WHAT TO WORK ON: Begin at the line that has "the Christmas season.", stop after the line that has "Informations Techniques : Dimensions", and print exactly those lines from the records below, without any pictures.
── PROVIDED MATERIAL
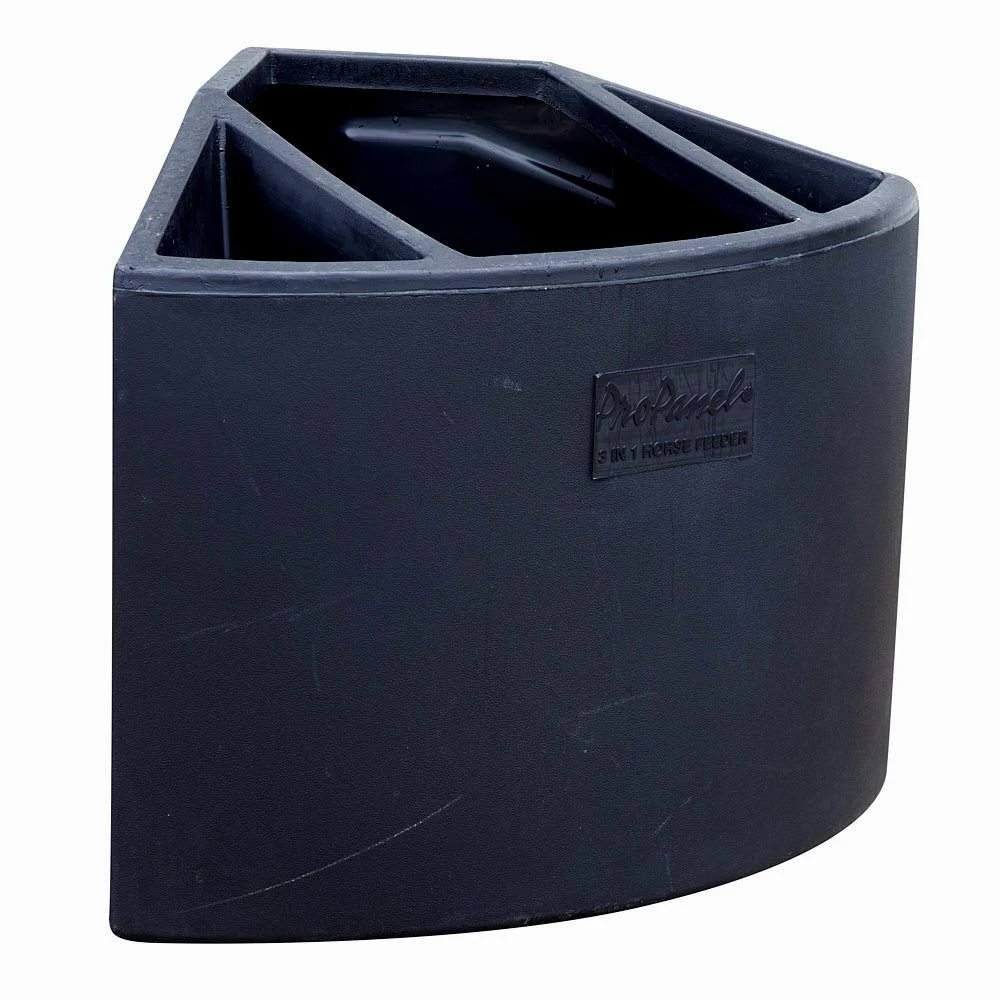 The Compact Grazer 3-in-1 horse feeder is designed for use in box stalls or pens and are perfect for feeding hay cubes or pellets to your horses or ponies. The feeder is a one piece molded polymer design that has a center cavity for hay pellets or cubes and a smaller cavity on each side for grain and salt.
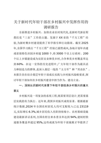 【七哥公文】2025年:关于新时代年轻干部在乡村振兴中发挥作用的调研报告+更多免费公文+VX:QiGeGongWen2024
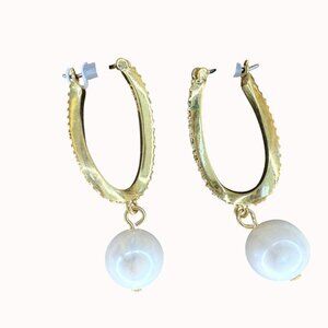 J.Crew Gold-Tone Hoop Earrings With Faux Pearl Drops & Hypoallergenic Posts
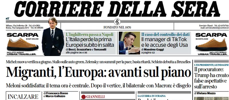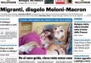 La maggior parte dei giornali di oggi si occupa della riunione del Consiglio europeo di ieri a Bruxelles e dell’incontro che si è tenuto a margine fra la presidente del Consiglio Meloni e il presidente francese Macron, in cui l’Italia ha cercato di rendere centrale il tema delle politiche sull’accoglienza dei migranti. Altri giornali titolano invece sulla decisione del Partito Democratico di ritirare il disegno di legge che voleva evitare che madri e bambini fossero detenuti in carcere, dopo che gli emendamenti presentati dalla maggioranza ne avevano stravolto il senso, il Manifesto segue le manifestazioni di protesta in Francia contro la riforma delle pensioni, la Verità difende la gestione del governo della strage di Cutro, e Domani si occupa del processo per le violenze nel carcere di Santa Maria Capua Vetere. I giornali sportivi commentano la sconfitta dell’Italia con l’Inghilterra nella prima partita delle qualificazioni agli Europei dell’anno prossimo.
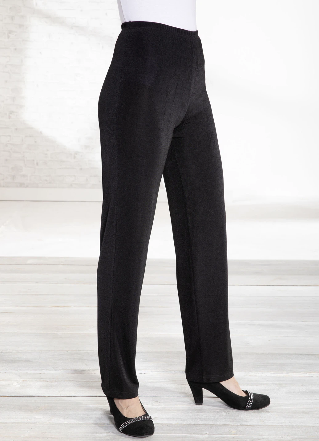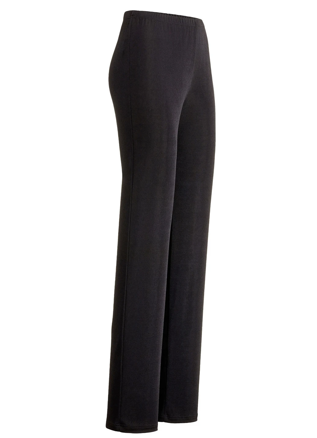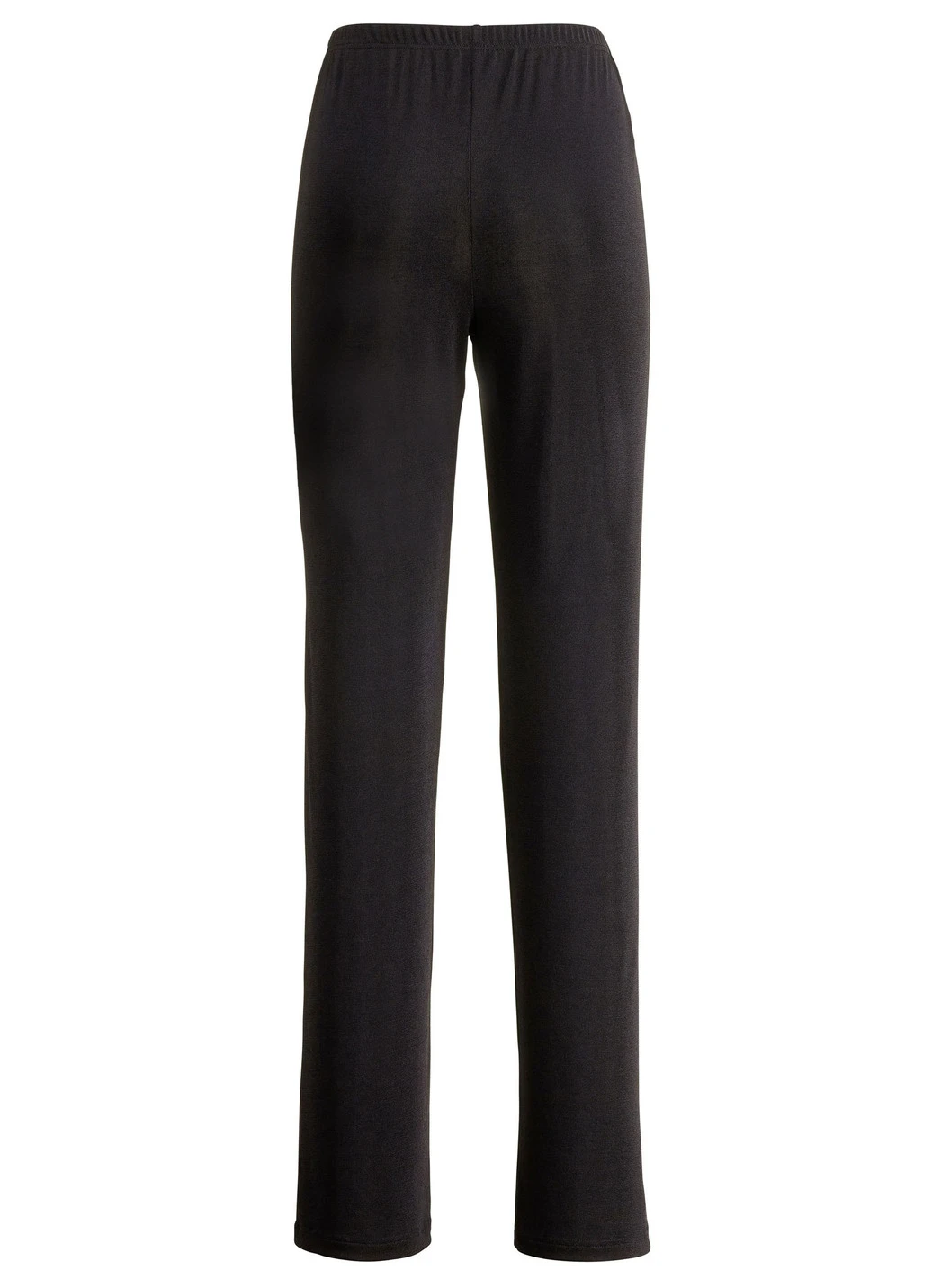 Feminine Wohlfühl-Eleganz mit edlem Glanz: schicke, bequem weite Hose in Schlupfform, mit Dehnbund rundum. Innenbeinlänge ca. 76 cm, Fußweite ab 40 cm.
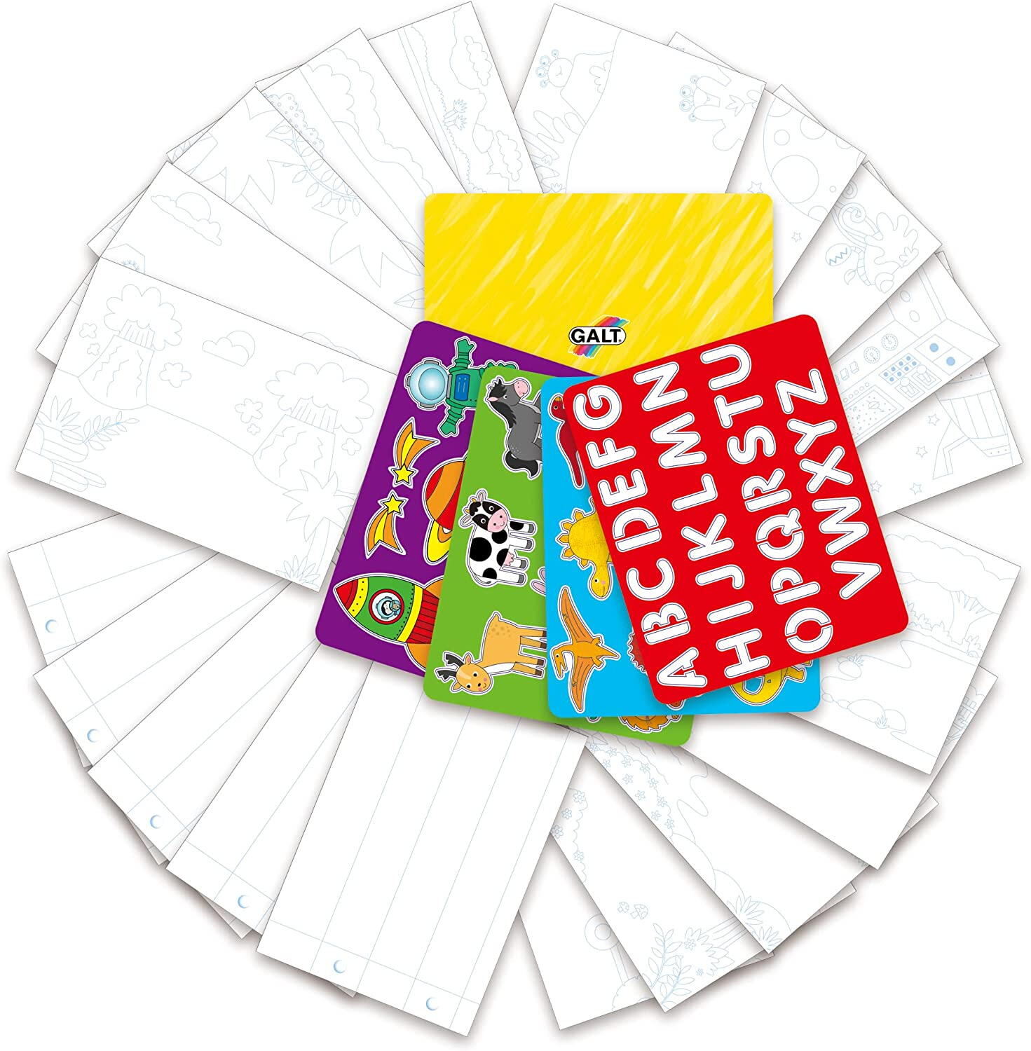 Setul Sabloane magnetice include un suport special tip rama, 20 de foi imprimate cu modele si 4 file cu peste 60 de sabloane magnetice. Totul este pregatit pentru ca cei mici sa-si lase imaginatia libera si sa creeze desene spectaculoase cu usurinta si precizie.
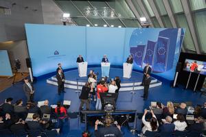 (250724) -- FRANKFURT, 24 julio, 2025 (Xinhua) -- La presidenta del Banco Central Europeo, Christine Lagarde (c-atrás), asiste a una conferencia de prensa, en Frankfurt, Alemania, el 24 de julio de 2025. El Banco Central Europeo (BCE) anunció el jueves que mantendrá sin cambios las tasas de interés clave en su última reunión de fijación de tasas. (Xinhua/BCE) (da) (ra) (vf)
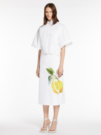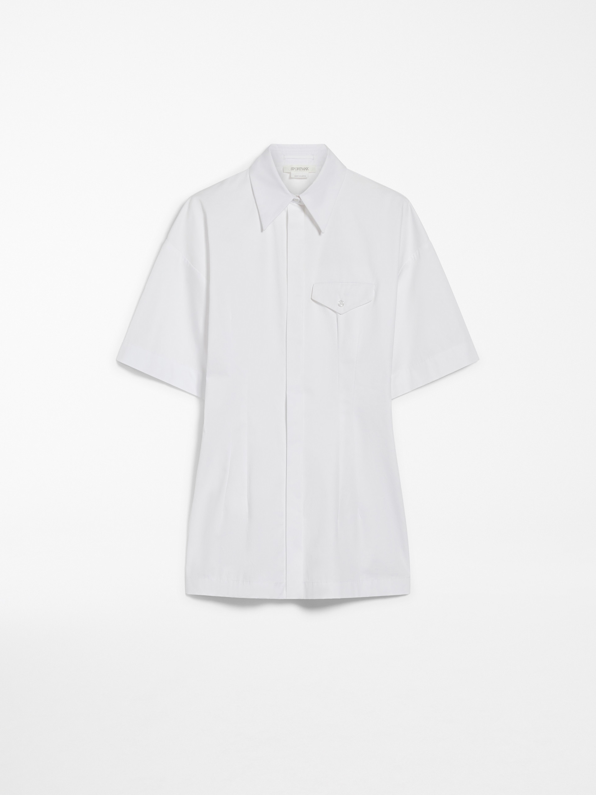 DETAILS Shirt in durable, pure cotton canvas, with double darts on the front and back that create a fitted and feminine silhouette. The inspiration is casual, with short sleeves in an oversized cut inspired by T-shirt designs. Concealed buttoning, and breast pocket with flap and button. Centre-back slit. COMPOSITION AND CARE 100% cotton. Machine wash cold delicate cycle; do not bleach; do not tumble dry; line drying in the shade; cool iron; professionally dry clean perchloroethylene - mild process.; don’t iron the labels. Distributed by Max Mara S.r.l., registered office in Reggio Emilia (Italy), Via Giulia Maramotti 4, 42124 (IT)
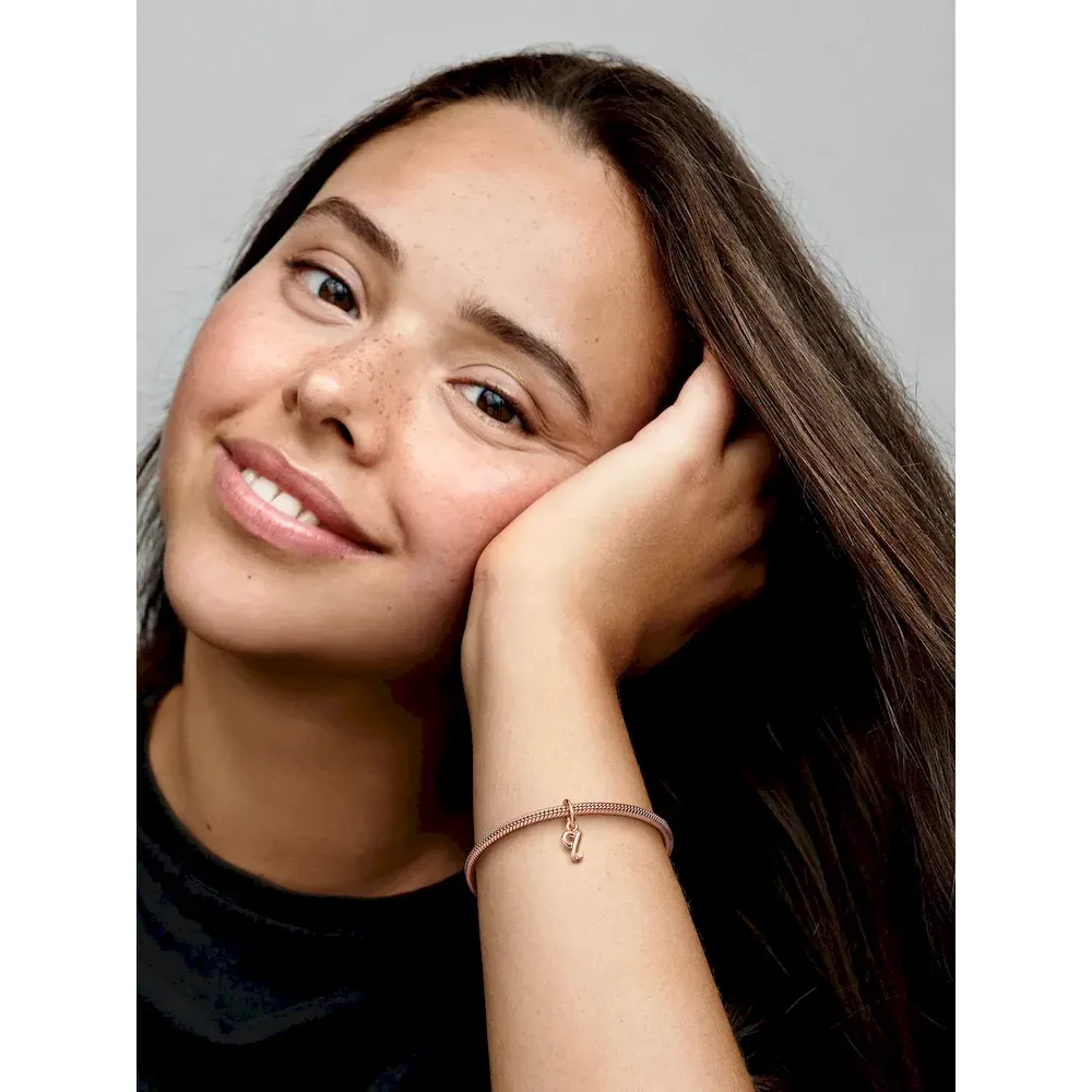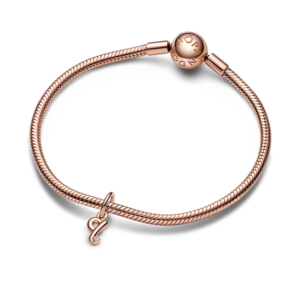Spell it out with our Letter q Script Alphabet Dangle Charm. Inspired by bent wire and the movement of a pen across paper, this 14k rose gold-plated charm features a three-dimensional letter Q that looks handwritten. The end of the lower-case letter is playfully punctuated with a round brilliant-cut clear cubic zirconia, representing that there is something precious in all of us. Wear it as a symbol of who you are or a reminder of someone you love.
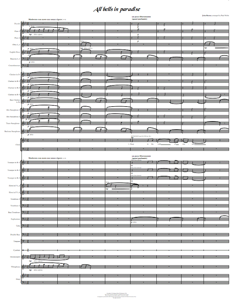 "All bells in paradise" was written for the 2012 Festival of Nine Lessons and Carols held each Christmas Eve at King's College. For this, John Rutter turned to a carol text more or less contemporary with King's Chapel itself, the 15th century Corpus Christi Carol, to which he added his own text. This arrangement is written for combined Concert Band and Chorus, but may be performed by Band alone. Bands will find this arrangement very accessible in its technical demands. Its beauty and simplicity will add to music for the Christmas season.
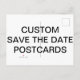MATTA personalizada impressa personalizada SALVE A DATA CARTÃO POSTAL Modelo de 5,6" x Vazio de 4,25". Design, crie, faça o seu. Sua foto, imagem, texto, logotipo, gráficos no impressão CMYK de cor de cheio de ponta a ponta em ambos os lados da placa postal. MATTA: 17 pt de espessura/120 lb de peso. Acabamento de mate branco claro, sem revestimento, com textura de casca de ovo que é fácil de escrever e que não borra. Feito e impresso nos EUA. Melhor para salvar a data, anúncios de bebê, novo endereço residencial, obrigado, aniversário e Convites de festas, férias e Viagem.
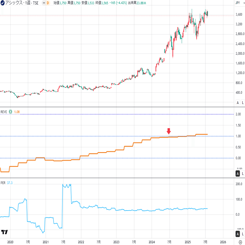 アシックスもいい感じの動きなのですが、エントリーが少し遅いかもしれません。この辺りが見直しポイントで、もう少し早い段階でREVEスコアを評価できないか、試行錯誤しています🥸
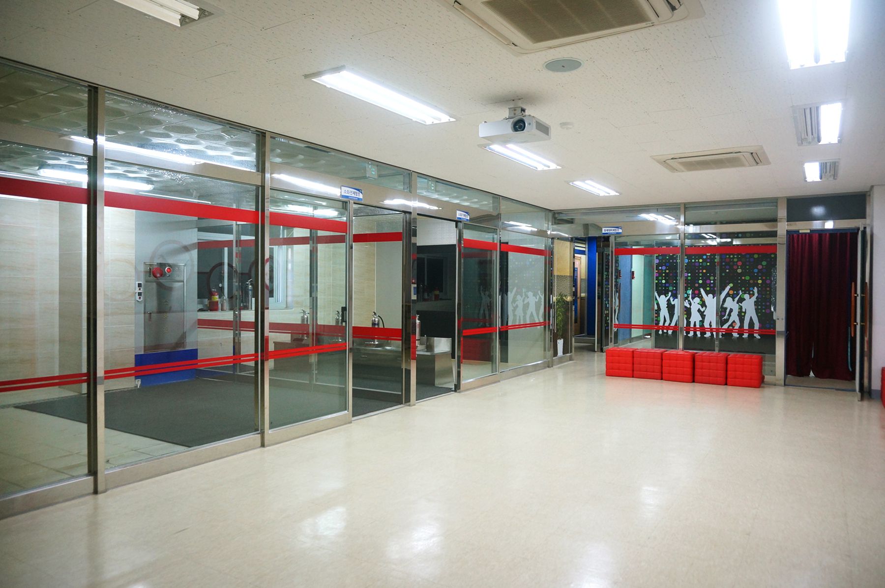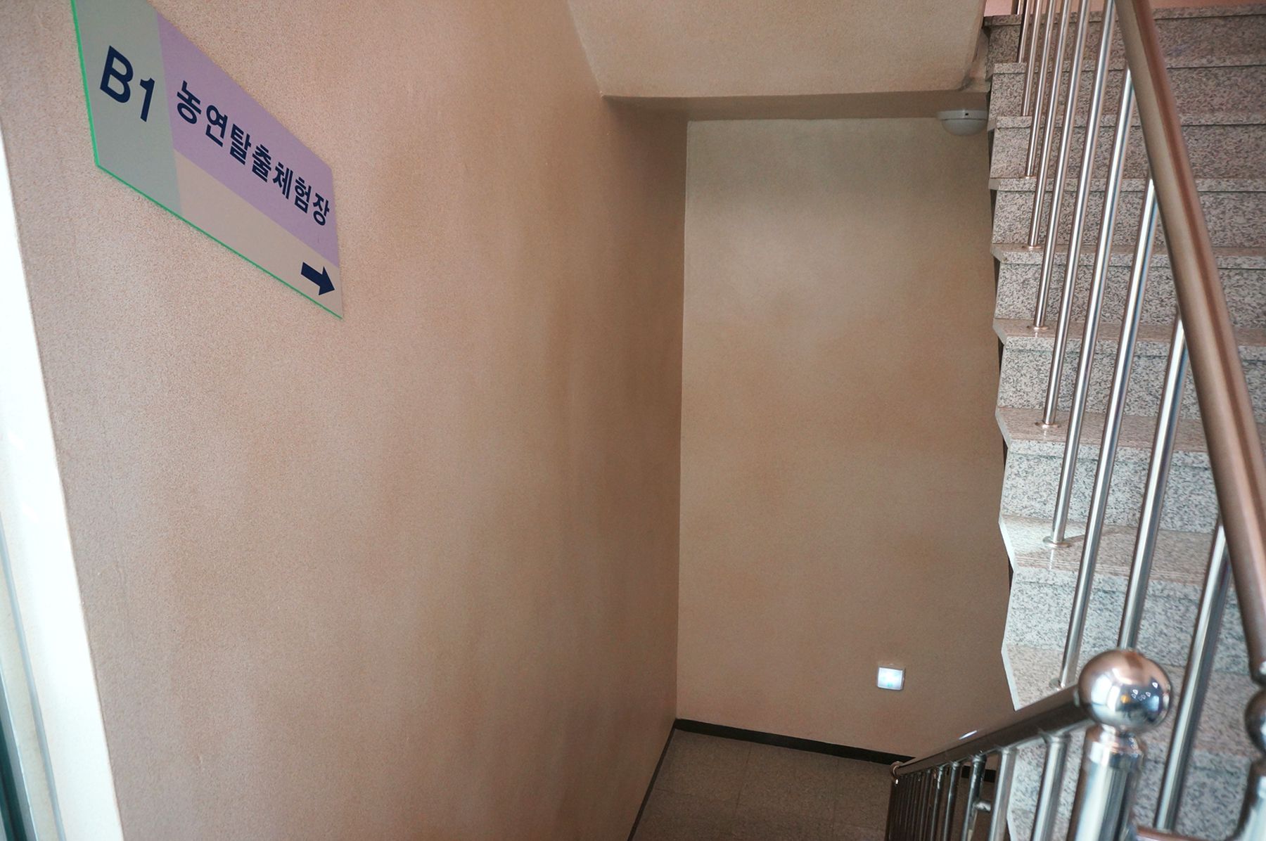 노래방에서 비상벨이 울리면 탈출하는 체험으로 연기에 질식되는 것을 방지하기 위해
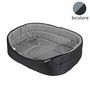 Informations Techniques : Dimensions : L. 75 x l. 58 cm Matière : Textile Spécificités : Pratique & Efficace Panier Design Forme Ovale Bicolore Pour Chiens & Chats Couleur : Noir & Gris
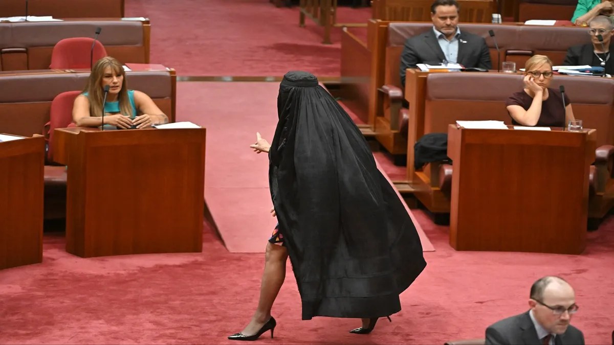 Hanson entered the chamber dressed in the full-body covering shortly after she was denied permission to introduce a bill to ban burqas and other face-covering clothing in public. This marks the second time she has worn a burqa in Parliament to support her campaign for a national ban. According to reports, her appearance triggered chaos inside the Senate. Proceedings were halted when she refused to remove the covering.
────
EXERCISE OUTPUT:
 "All bells in paradise" was written for the 2012 Festival of Nine Lessons and Carols held each Christmas Eve at King's College. For this, John Rutter turned to a carol text more or less contemporary with King's Chapel itself, the 15th century Corpus Christi Carol, to which he added his own text. This arrangement is written for combined Concert Band and Chorus, but may be performed by Band alone. Bands will find this arrangement very accessible in its technical demands. Its beauty and simplicity will add to music for the Christmas season.
MATTA personalizada impressa personalizada SALVE A DATA CARTÃO POSTAL Modelo de 5,6" x Vazio de 4,25". Design, crie, faça o seu. Sua foto, imagem, texto, logotipo, gráficos no impressão CMYK de cor de cheio de ponta a ponta em ambos os lados da placa postal. MATTA: 17 pt de espessura/120 lb de peso. Acabamento de mate branco claro, sem revestimento, com textura de casca de ovo que é fácil de escrever e que não borra. Feito e impresso nos EUA. Melhor para salvar a data, anúncios de bebê, novo endereço residencial, obrigado, aniversário e Convites de festas, férias e Viagem.
 アシックスもいい感じの動きなのですが、エントリーが少し遅いかもしれません。この辺りが見直しポイントで、もう少し早い段階でREVEスコアを評価できないか、試行錯誤しています🥸
 노래방에서 비상벨이 울리면 탈출하는 체험으로 연기에 질식되는 것을 방지하기 위해
 Informations Techniques : Dimensions : L. 75 x l. 58 cm Matière : Textile Spécificités : Pratique & Efficace Panier Design Forme Ovale Bicolore Pour Chiens & Chats Couleur : Noir & Gris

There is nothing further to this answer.